A typical situation in which you might use task queues or tasklets is
to manage hardware that cannot generate interrupts but still allows
blocking read. You need to poll the device, while taking care not to
burden the CPU with unnecessary operations. Waking the reading
process at fixed time intervals (for example, using
current->timeout
) isn’t a suitable approach,
because each poll would require two context switches (one to run the
polling code in the reading process, and one to return to a process
that has real work to do), and often a suitable polling mechanism can
be implemented only outside of a process’s context.
A similar problem is giving timely input to a simple hardware device. For example, you might need to feed steps to a stepper motor that is directly connected to the parallel port—the motor needs to be moved by single steps on a timely basis. In this case, the controlling process talks to your device driver to dispatch a movement, but the actual movement should be performed step by step at regular intervals after returning from write.
The preferred way to perform such floating operations quickly is to register a task for later execution. The kernel supports task queues, where tasks accumulate to be “consumed” when the queue is run. You can declare your own task queue and trigger it at will, or you can register your tasks in predefined queues, which are run (triggered) by the kernel itself.

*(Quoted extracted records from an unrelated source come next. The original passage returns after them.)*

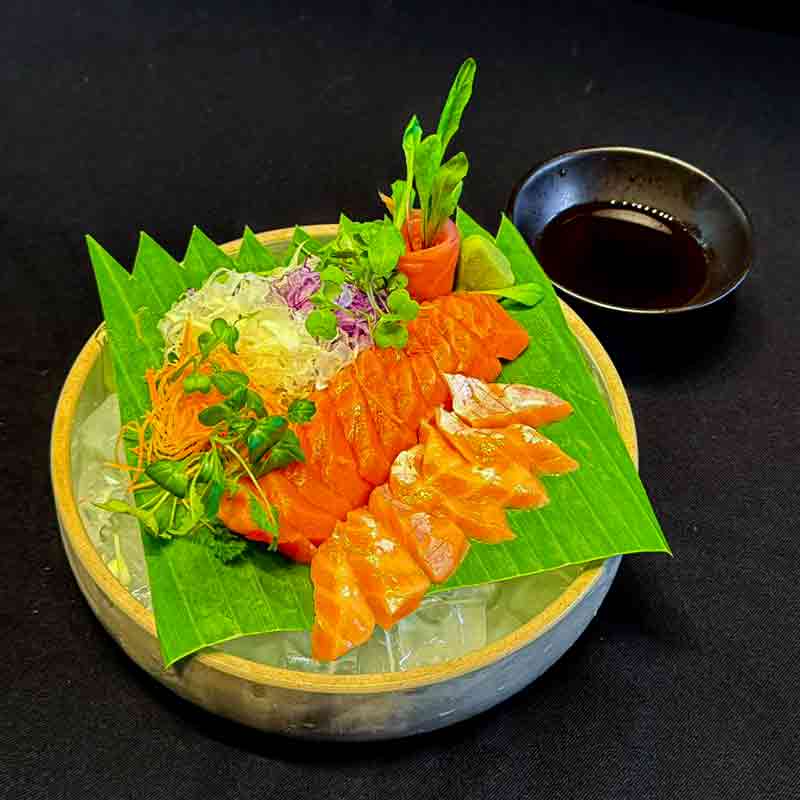 Norwegian Salmon served with Kikkoman Soya Sauce and Wasabi.
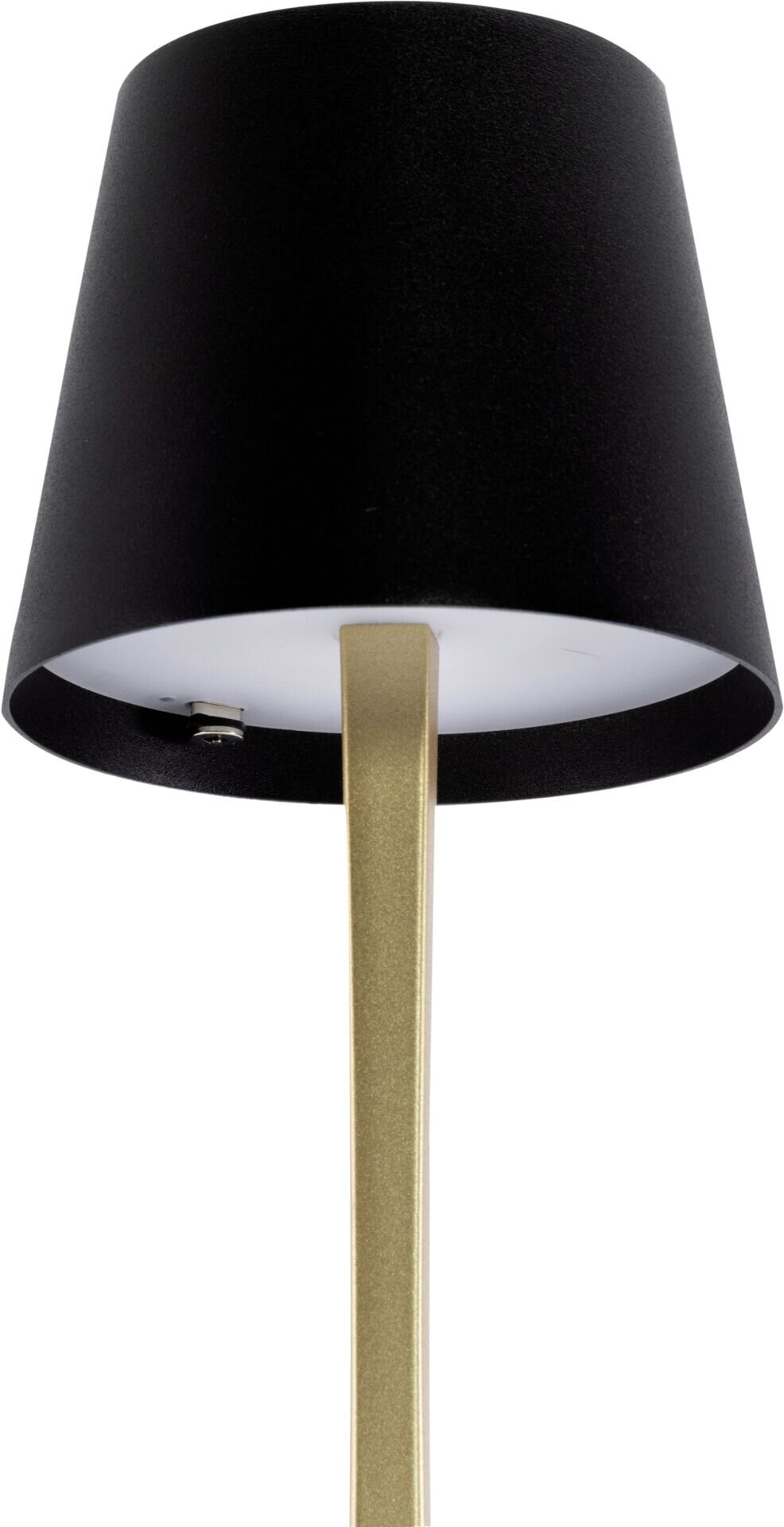 LxBxH in cm: 11x11x28 Leuchtdauer: bis zu 20 Std Tischleuchte mit integr. LED und Akku, schwarz/gold. Stufenlos dimmbar. Wasserdicht nach IP54. Inkl. magnetischem USB Schnellladekabel. Lichttemperatur: 2800K.
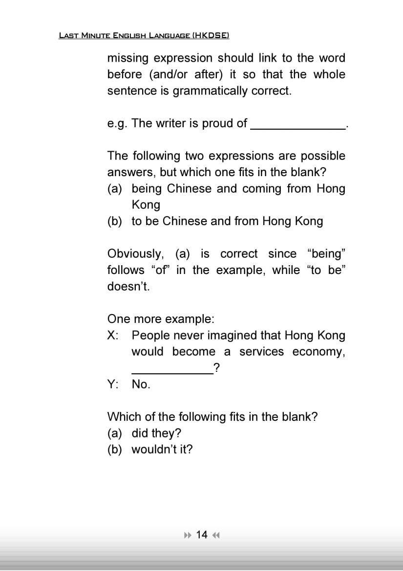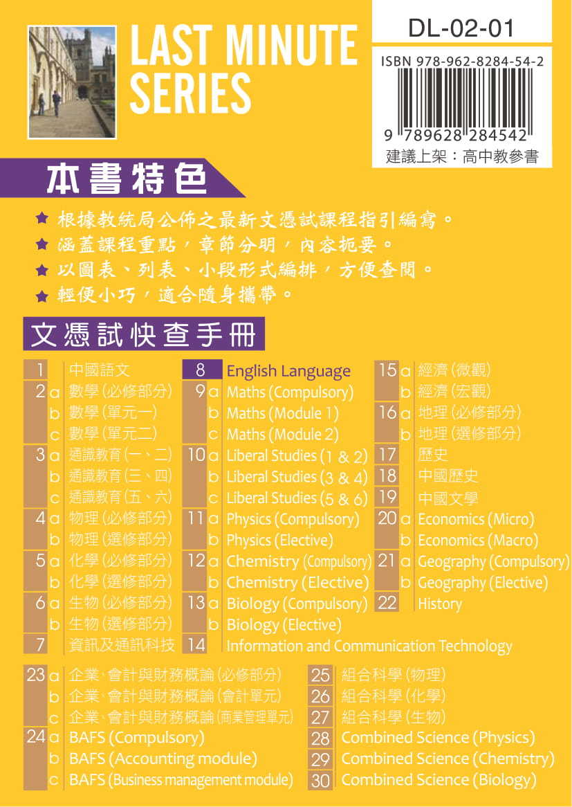 LAST MINUTE ENGLISH LANGUAGE HKDSE gives both teachers and students a comprehensive insight into the crux of the new English Language syllabus. As the name 'LAST MINUTE' implies, it doesn't take readers a long time to get a better understanding of what the new syllabus is about.
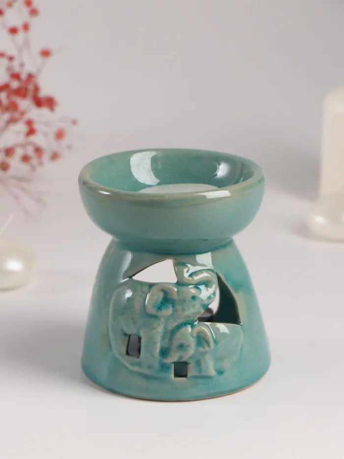 Набор: аромалампа для эфирных масел, мелтс из воска ароматический «Слон со слонёнком», бирюза, 10×10×9 см — Характеристики
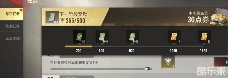 金条的第二种获取方法就是通过做任务,在游戏主页面的最下面有一个任务栏。玩家点进去之后,每一周都会有新的任务,按照任务要求完成获取一定的活跃值。在玩家,有机会只达到1450的时候可获得五个金条,当玩家活跃值达到1850的时得30个金条。虽然有些耗时间,但是白来的东西还是很香的。
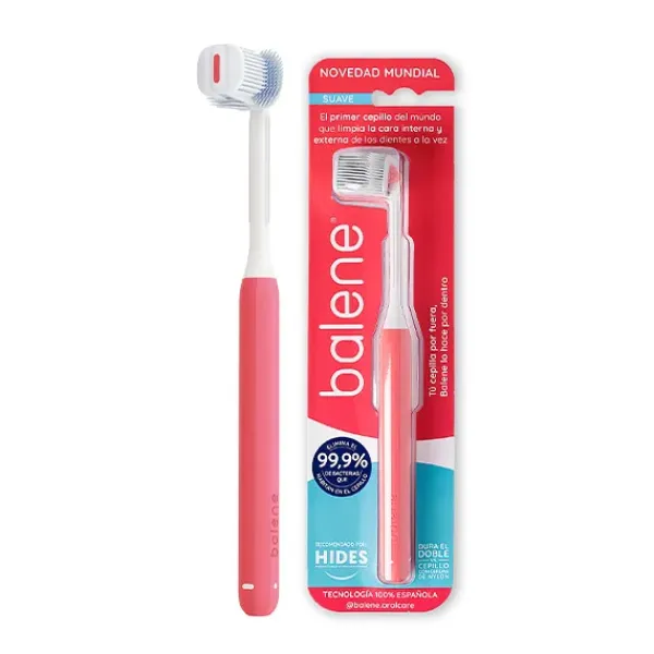 Balene es el primer cepillo del mundo que limpia la cara interna, externa y superficie de masticado de los dientes a la vez. Sus cerdas tyflex de nueva generación eliminan el 99,9% de las bacterias que habitan en el cepillo y duran el doble vs las cerdas de nylon.

This section first describes task queues, then introduces predefined task queues, which provide a good start for some interesting tests (and hang the computer if something goes wrong), and finally introduces how to run your own task queues. Following that, we look at the new tasklet interface, which supersedes task queues in many situations in the 2.4 kernel.
A task queue is a list of tasks, each task being represented by a
function pointer and an argument. When a task is run, it receives a
single void *
argument and returns
void
. The pointer argument can be used to pass
along a data structure to the routine, or it can be ignored. The
queue itself is a list of structures (the tasks) that are owned by the
kernel module declaring and queueing them. The module is completely
responsible for allocating and deallocating the structures, and static
structures are commonly used for this purpose.
A queue element is described by the following structure, copied
directly from <linux/tqueue.h>
:
struct tq_struct { struct tq_struct *next; /* linked list of active bh's */ int sync; /* must be initialized to zero */ void (*routine)(void *); /* function to call */ void *data; /* argument to function */ };
The “bh” in the first comment means bottom half. A bottom half is “half of an interrupt handler”; we’ll discuss this topic thoroughly when we deal with interrupts in Section 9.5, in Chapter 9. For now, suffice it to say that a bottom half is a mechanism provided by a device driver to handle asynchronous tasks which, usually, are too large to be done while handling a hardware interrupt. This chapter should make sense without an understanding of bottom halves, but we will, by necessity, refer to them occasionally.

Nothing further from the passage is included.